Ewald Schmidt di Simoni was drafted into the Navy in 1939 . Thanks to his organizational talent, he advanced to the position of corvette captain and then worked in the area of ​​the MOK-North Admiralty's Staff. At the end of the war as personally "unencumbered" he headed the British Armistice Commission near Hamburg. Because of his merits and skills, he received the British license to run a newspaper. He then founded with Gerd Bucerius (to cover administrative and legal problems), with Lovis H. Lorenz (as columnist) and Richard Tüngel (editor position), Die Zeit as a weekly commentary. All of them soon acquired the much more marketable Stern magazine from Nannenverlag in Hanover. Due to internal disputes, Schmidt di Simoni and Tüngel (Lorenz had already left) later separated from Bucerius, who then restructured the entire publishing house.

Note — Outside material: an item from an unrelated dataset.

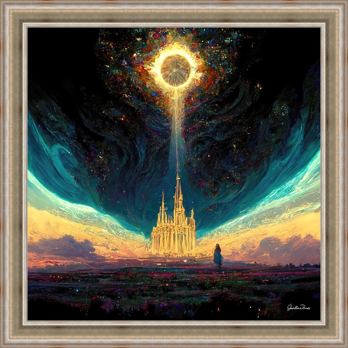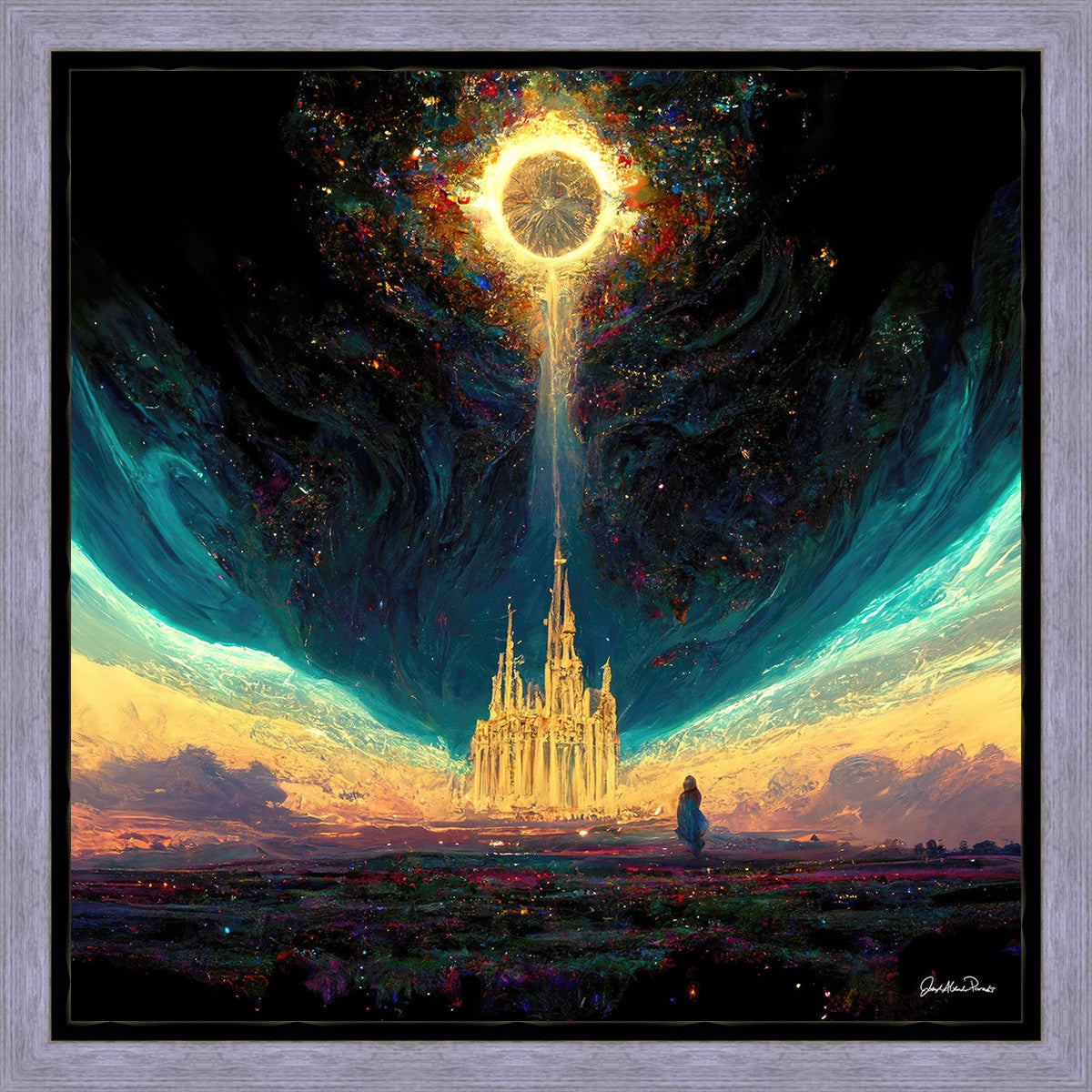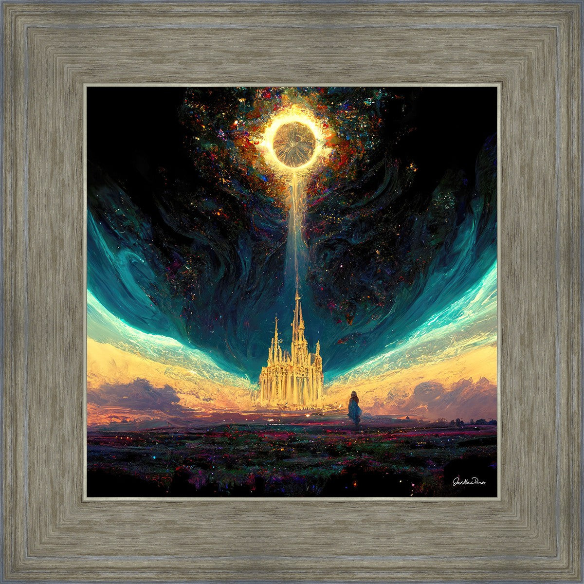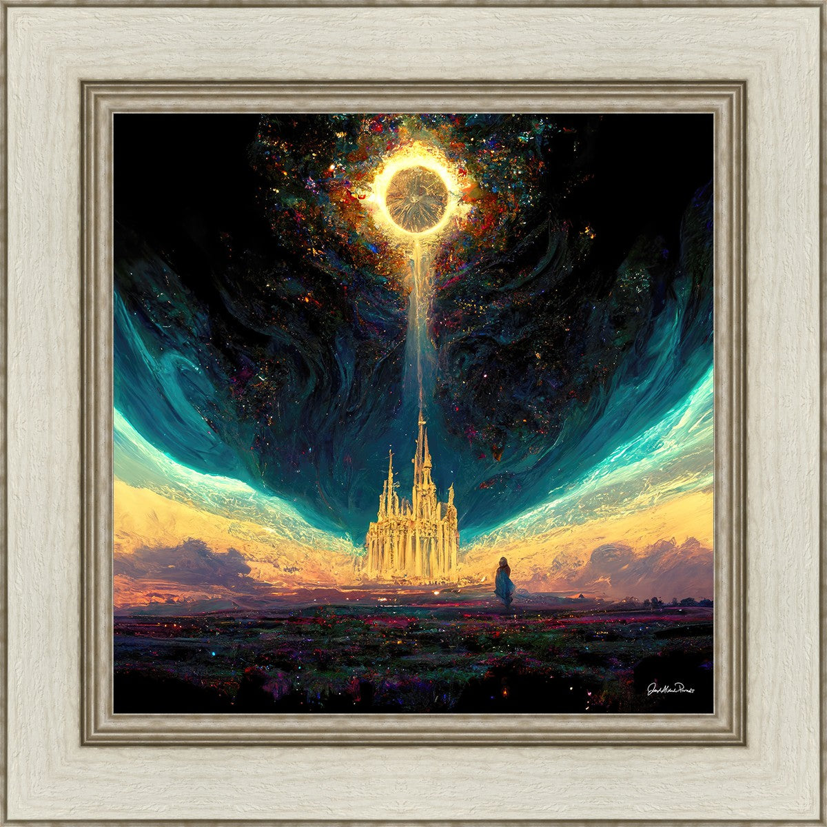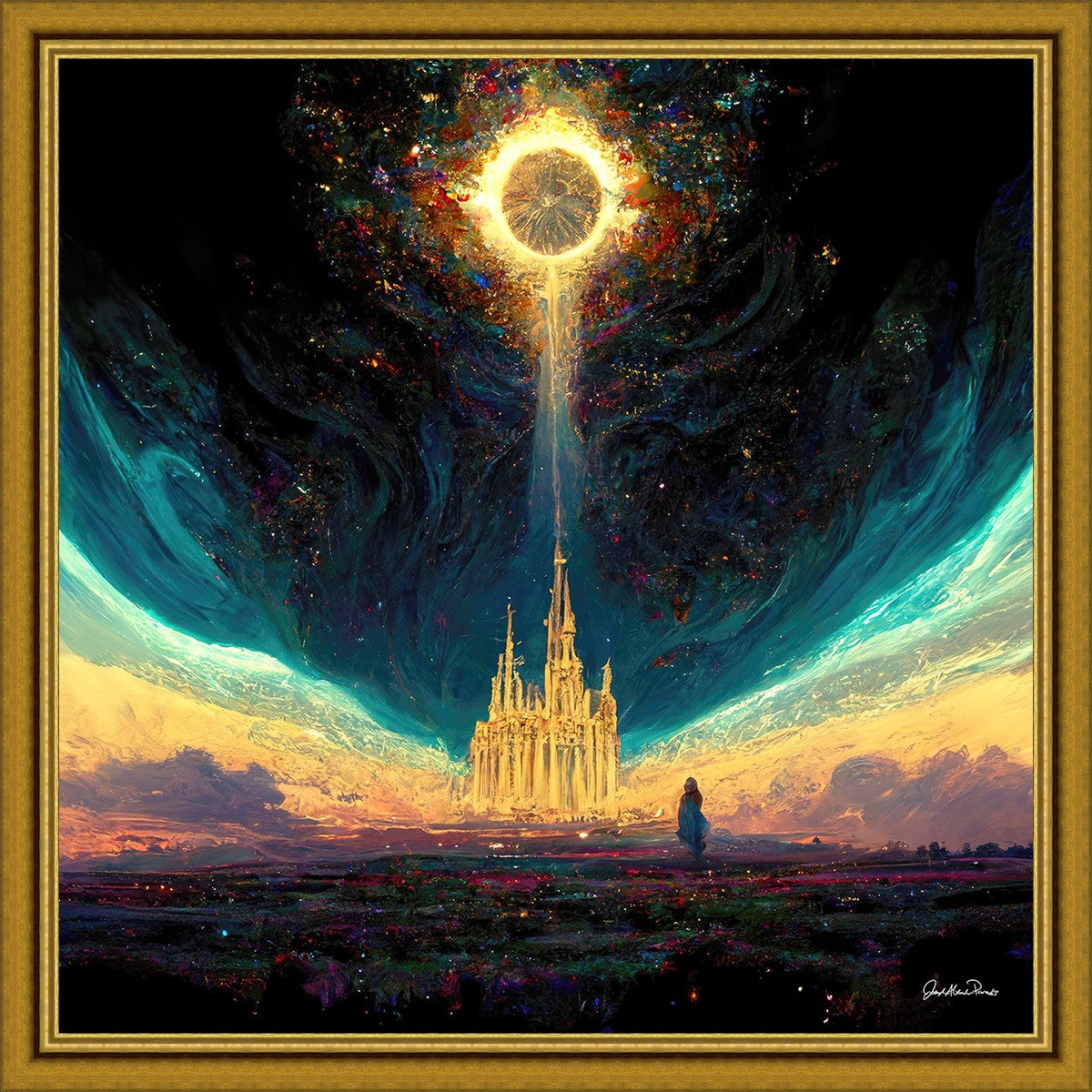A depiction of the Light of Christ emanating from His throne down to all of His creations and His church. The wake of which, parts the clouds in similitude of the parting of the Red Sea. A solitary woman stands in the awe of this bewildering sight in which she is blessed to behold.

In 1957 Schmidt di Simoni received a severance payment of 1 million marks.

Works (selection)

  • Ewald Schmidt di Simoni: plus and minus , Busse-Seewald Verlag, 1976, ISBN 3-512-00419-9
  • Ewald Schmidt di Simoni: The noble wines of the Palatinate , Busse-Seewald Verlag, 1968, ISBN 3-512-00160-2
  • Ewald Schmidt di Simoni: Save traffic , Höhr-Grenzhausen near Koblenz Starczewski, 1972

Individual evidence

  1. Christian Haase, Axel Schildt (ed.): The time and the Bonn republic: an opinion-forming weekly newspaper between rearmament and reunification (=  Hamburg contributions to social and contemporary history . Volume 43 ). Wallstein Verlag GmbH, Göttingen 2008, ISBN 978-3-8353-0243-3 , p. 14 ( limited preview in Google Book search).
  2. Time mirror. In: Zeit Online. September 12, 1980. Retrieved July 30, 2016.
  3. ^ Ralf Dahrendorf: Liberal and independent: Gerd Bucerius and his time . CH Beck, Munich 2000, ISBN 3-406-46474-2 , p. 71 ( limited preview in Google Book search).